Мальчик, в грязных башмаках и завернутых по колено штанах, сидит на принесенном пенечке с краю дороги, напротив большой лужи. Обеими руками он держит небольшую палку с привязанной старой веревкой. Конец ее погружен в мутную воду. Завидев нас, лицо мальчика приняло выражение удивления, чумазый рот округлился, а на глаза пала тень страха. Однако он продолжил сидеть, стараясь казаться невозмутимым.
— И что ты здесь делаешь? — спросил я, подойдя к нему.
— Рыбу ловлю! — важно ответил он.
— И как, успешно? — полюбопытствовал Макс.
Мальчик покачал головой.
— А мне кажется, что свою рыбу ты уже поймал, — фразу я уронил скорее для своего компаньона, нежели обращаясь к маленькому сорванцу.
— Послушай, парень. Тебя как звать? — Библиотекарь пристроился с другого конца лужи, сев на карточки.
— Терис, — робко ответил он.
— Терис, скажи-ка нам, почему мы тебя встречаем сегодня третий раз, а?
— Как?! — ошалело выкрикнул я. — Почему третий-то?
— А недалеко от столовой. Ты, наверное, не заметил. Играл с ребятами. Кидались друг в друга дохлой крысой.

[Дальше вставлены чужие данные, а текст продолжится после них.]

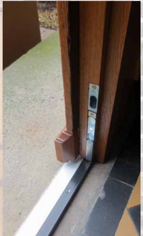
Der neu eingearbeitete Sicherheitsschließblech.
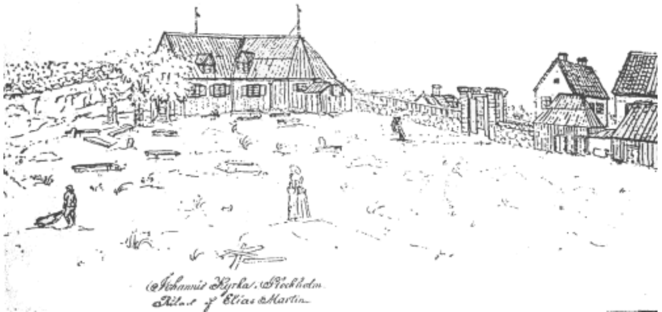
På denna teckning av Elias Martin ser vi Johannes gamla träkyrka, t.h. byggnader tillhörande drottninghuset och fattiginrättningen på Brunkeberg. (1700-tal)
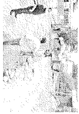
El alcalde Heriberto Treviño Cantú supervisó las obras de vitalidad, pluviales y bacheo en el municipio de San Felipe.

El alcalde Heriberto Treviño Cantú, supervisó las obras de vitalidad, pluviales y bacheo en el municipio de San Felipe. Durante su recorrido, el alcalde se reunió con los responsables de las obras y les entregó instrucciones para que se cumplan a tiempo y con calidad. El alcalde destacó la importancia de estas obras para mejorar la infraestructura de la ciudad y garantizar la seguridad de los ciudadanos.
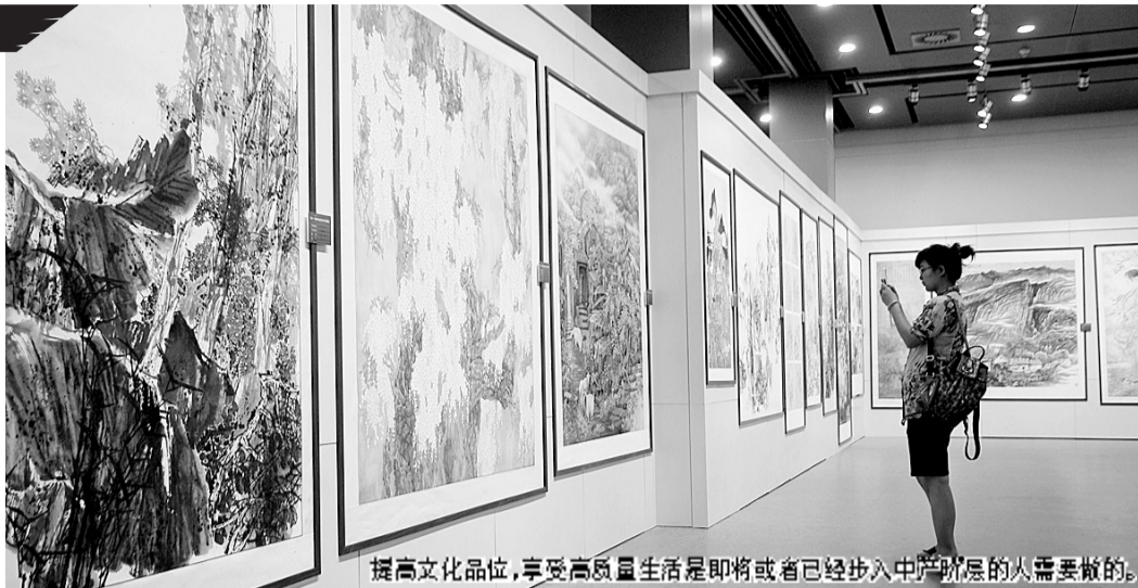
提高文化品位,享受高质量生活是即将或者已经步入中产阶层的人需要做的。
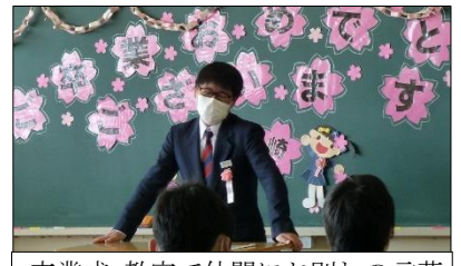
卒業式 教室で仲間にお別れの言葉

令和4年2・3月号 【学校教育目標】「知・徳・体」の調和がとれた、心身ともにたくましい生徒の育成
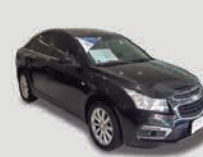
CRUZER 1.8 LT
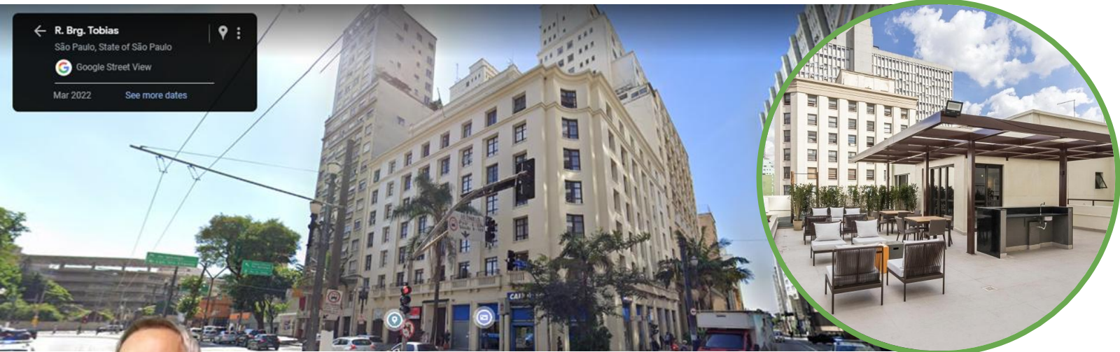
Edifício Wilton Paes de Almeida, Centro (SP)

Incentivar retrofits de prédios vazios e sem uso através de uma legislação efetiva e gestão competente
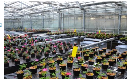
Fig. 1 – Photo du dispositif expérimental

— Сусликом! — поправил Терис и охнул. Сказав, он осознал, что же наделал.
— Спасибо за уточнение. За двойное уточнение. Даже не знаю, какое из них важнее: то, что это был суслик, или то, что я тебя все-таки не спутал. Ну так что? Мир, без сомнения, тесен, но ваш — что-то чересчур. Странновато для обычных совпадений, не так ли?
Палка в его руках дрогнула. Но лишь на секунду.
— Да почему, дядечки? Город ведь маленький совсем! А мы много где играем… Вот каждый день со всеми видимся. Честно, всех-всех-всех видим!
— Молодцы. Но не на противоположных же сторонах, — возразил Библиотекарь.
— Что-то мы тебя с друзьями и не видели. Только один раз, — не скрывая недовольства сказал я.
— А они есть побежали! Я-то раньше поужинал…
— Сусликом? — хмыкнул Макс.
Его шутку не расценили.
— Вот что, Терис, посмотри на меня, — я сделал шаг вперед. Терис робко поднял глаза, полные слез. — Я не знаю, зачем ты следишь за нами, — подул ветер, — Не знаю, кто тебя подослал, — поверхность лужи пошла рябью, — Но я выясню. И передай тому, кто тебе приказал это, что лучше бы ему не мешать, — лужа обратилась в лед.
Терис, не выдержал, отвел взгляд и отшатнулся; маленькие глаза расширились, окрасив грязное лицо двумя белыми кругами. Он подался назад и упал с пенька. Палка выпала из рук и ударилась о ледяную корку лужи.
В доме царит непристойно вкусный запах. Макс делает яичницу. Не могу сказать, что простую, но его фраза «ща я те офигенную яичницу забабахаю» включала нечто большее, однако я смог понять лишь два знакомых слова — «я» и «яичница». Нам попался дом с надписью «Продаю»…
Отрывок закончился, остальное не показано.